Look through the data below for the line with "- Assemble Enchiladas: Spread", and transcribe it exactly together with each line after it up to and including the line with "Itiyoophiyaatti Ambaasaaddarri Raashiyaa". Give nothing else.

START Provided records

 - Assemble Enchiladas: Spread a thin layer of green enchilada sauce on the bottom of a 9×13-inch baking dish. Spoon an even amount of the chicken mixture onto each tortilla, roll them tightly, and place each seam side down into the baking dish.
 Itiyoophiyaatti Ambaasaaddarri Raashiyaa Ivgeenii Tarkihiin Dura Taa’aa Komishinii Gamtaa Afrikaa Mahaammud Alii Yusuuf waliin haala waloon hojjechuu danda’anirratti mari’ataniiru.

END Provided records
START Provided records

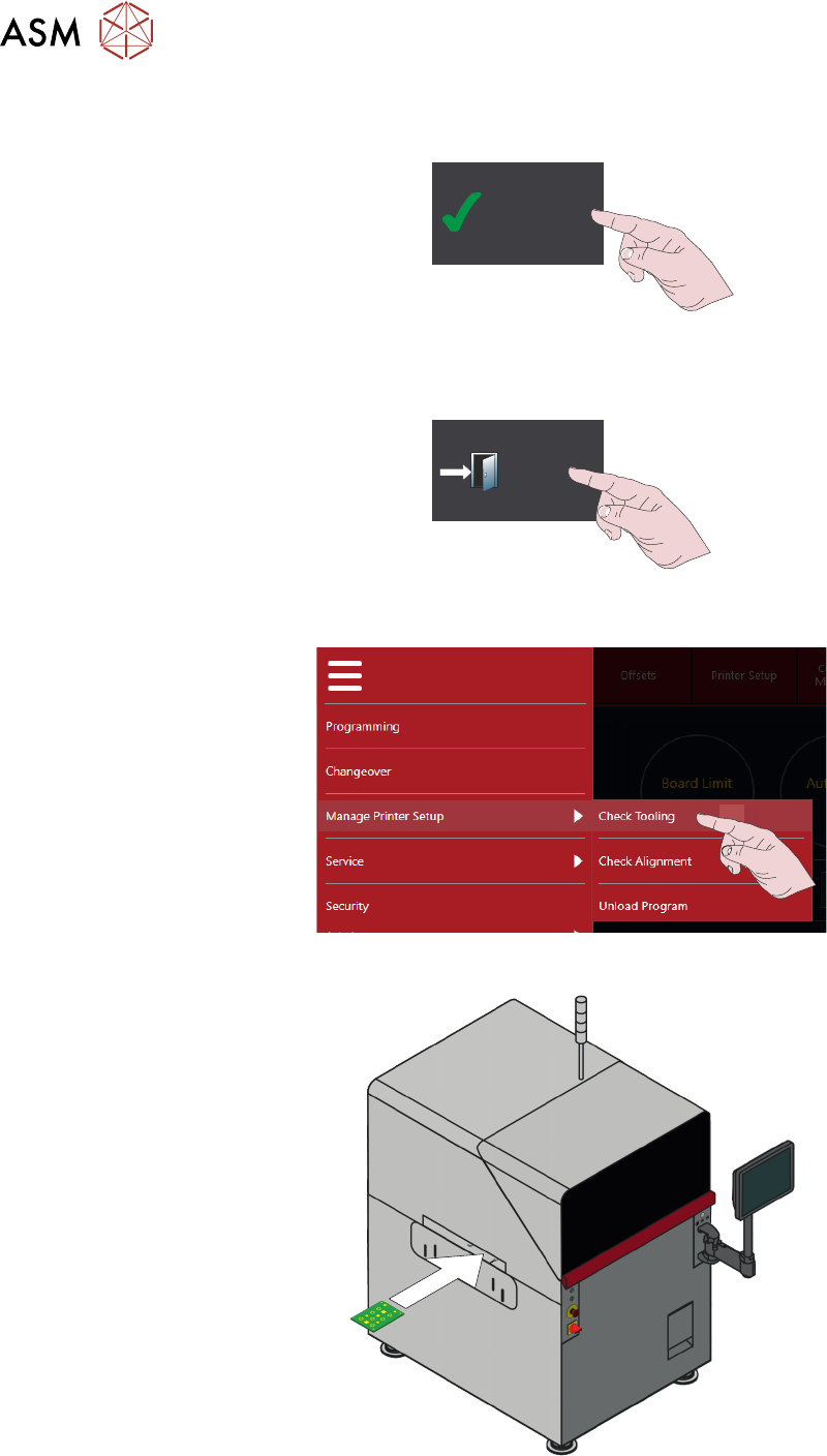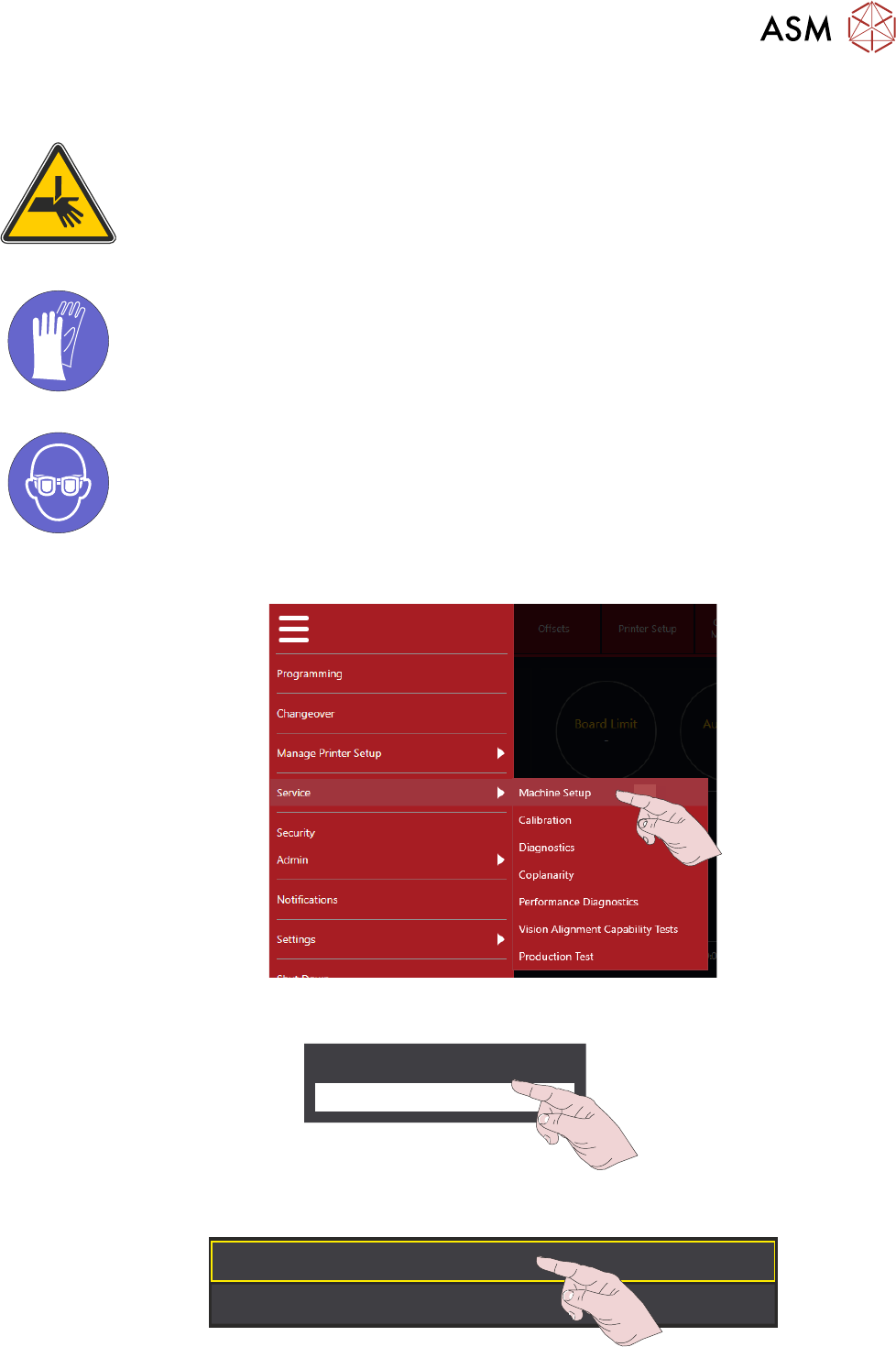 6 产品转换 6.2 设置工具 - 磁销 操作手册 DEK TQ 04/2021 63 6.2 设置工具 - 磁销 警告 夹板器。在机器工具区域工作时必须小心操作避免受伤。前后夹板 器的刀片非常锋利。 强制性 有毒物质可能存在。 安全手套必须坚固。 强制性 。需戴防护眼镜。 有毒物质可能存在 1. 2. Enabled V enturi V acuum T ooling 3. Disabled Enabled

END Provided records
START Provided records

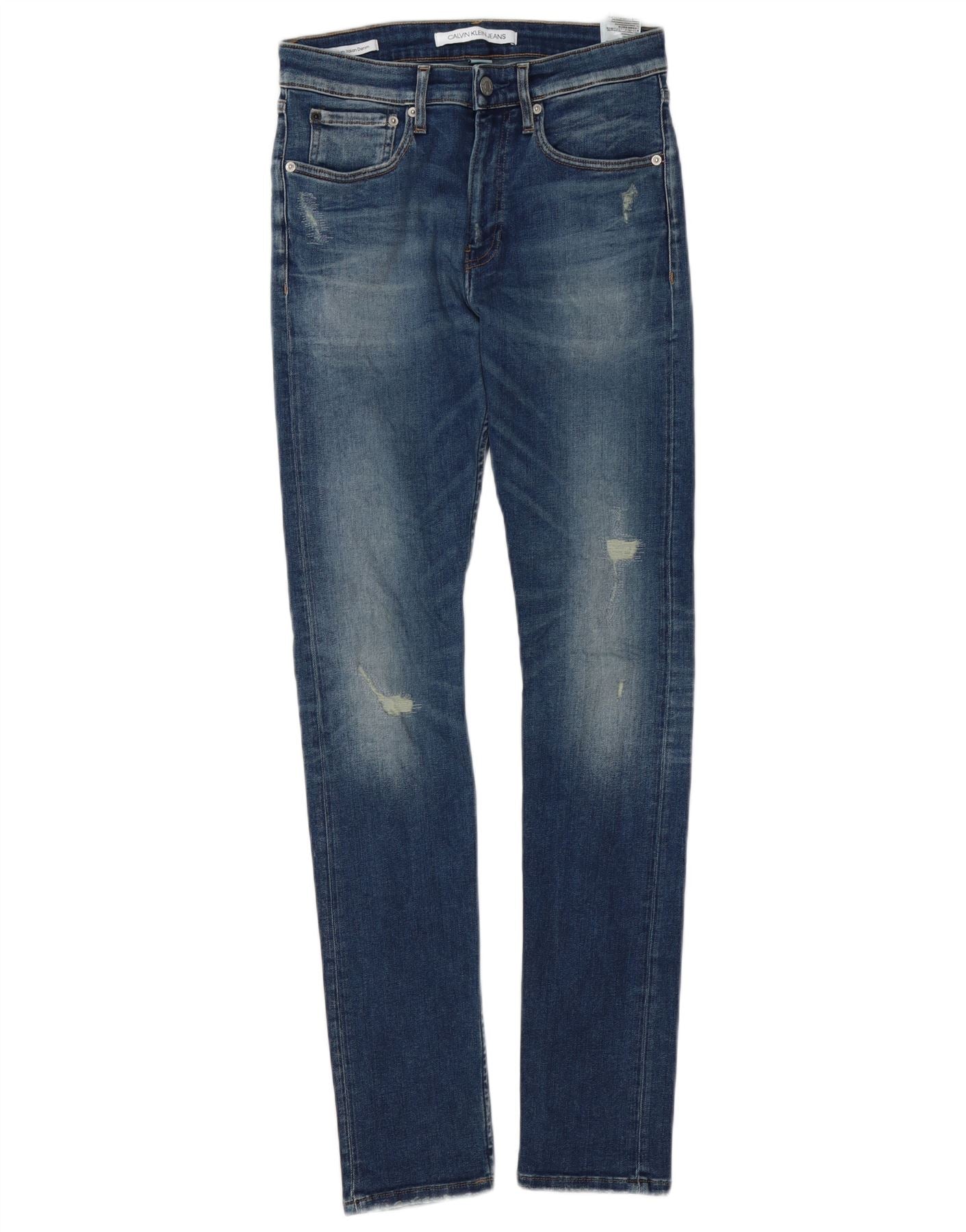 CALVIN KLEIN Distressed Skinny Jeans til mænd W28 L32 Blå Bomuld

END Provided records

**Result of the task**:
 - Assemble Enchiladas: Spread a thin layer of green enchilada sauce on the bottom of a 9×13-inch baking dish. Spoon an even amount of the chicken mixture onto each tortilla, roll them tightly, and place each seam side down into the baking dish.
 Itiyoophiyaatti Ambaasaaddarri Raashiyaa Ivgeenii Tarkihiin Dura Taa’aa Komishinii Gamtaa Afrikaa Mahaammud Alii Yusuuf waliin haala waloon hojjechuu danda’anirratti mari’ataniiru.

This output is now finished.